_YOUR GOAL_
For the lines from the one with "This guide outlines" to the end of the listing below, both ends included, give an exact copy and nothing more. Do not copy pictures.

_DATASET CONTENT_
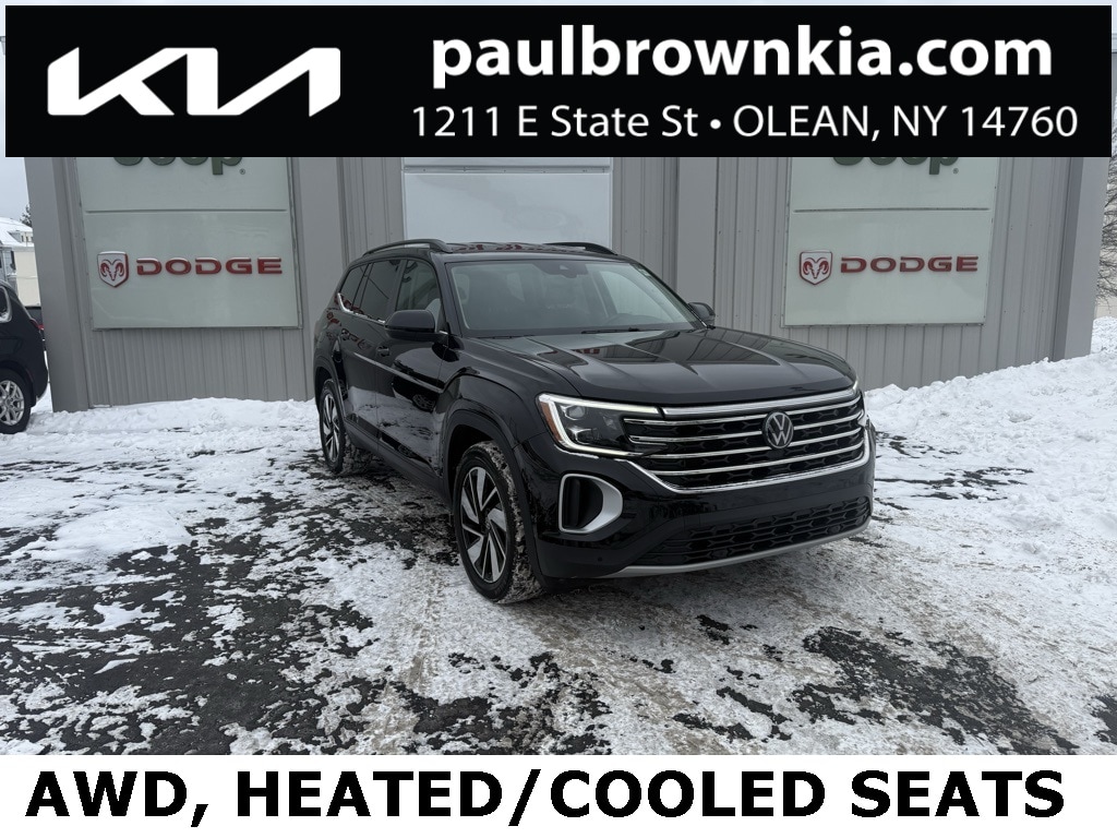 CARFAX One-Owner. Clean CARFAX. 2024 Volkswagen Atlas 2.0T SE w/Technology 4D Sport Utility Black 2.0L TSI AWD 8-Speed Automatic with Tiptronic 3rd row seats: split-bench, Emergency communication system: VW Car-Net Safe & Secure 5-year, Exterior Parking Camera Rear, Front dual zone A/C, Front fog lights, Heated door mirrors, Heated/Actively Ventilated Front Bucket Seats, Low tire pressure warning, Perforated V-Tex Leatherette Seating Surfaces, Power door mirrors, Power driver seat, Power Liftgate, Power windows, Rain sensing wipers, Rear air conditioning, Remote keyless entry, Speed control, Wheels: 20" 2-Tone Machined Alloy. 19/26 City/Highway MPG Final Price may require vehicle trade in and Paul Brown trade assistance, see website for details. For a hassle free purchase experience, reach out to the Sales team at Paul Brown Motors at (585-376-5057). Conveniently located on E State Street, Olean NY 14760. We are worth the trip! Travel from over 75 miles away and don't purchase we will supply you with $25 gas card! Paul Brown Chevy, A Dealer For the People! Our For The People Pricing means ZERO price increases at Paul Brown.
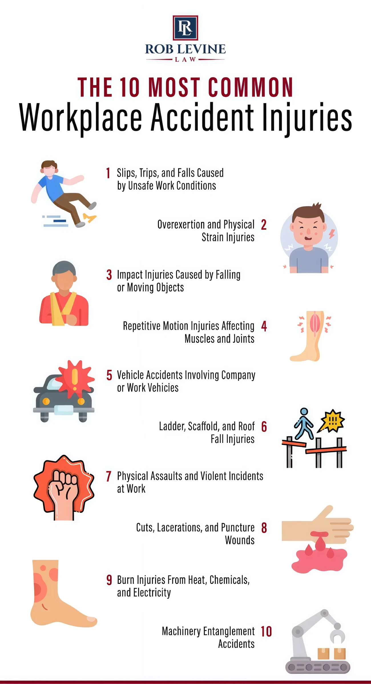 This guide outlines some of the most common workplace accident injuries and how they happen. Working with an experienced workers’ compensation lawyer can help ensure your claim reflects the true extent of your injury and that you receive the maximum compensation available. Contact Rob Levine Law today for a free consultation.
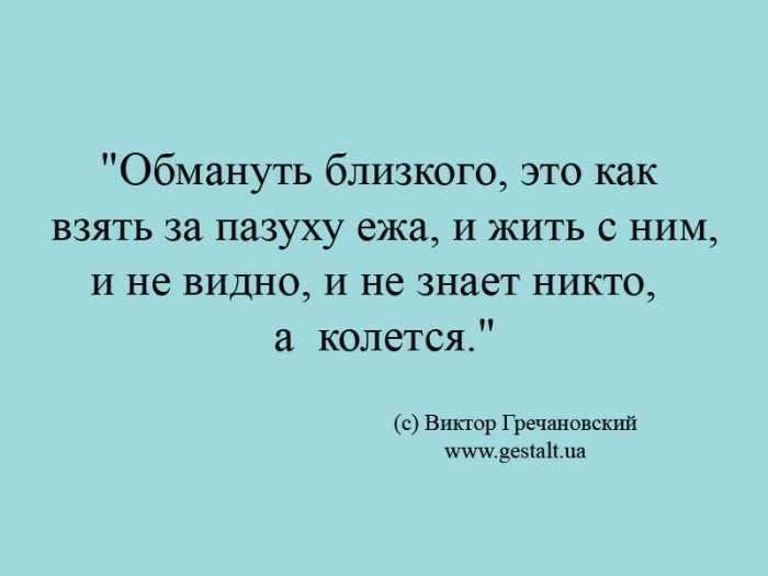 "Обмануть близкого, это как взять за пазуху ежа, и жить с ним,и не видно, и не знает никто, а колется."

_RESPONSE TO THE EXERCISE_
 This guide outlines some of the most common workplace accident injuries and how they happen. Working with an experienced workers’ compensation lawyer can help ensure your claim reflects the true extent of your injury and that you receive the maximum compensation available. Contact Rob Levine Law today for a free consultation.
 "Обмануть близкого, это как взять за пазуху ежа, и жить с ним,и не видно, и не знает никто, а колется."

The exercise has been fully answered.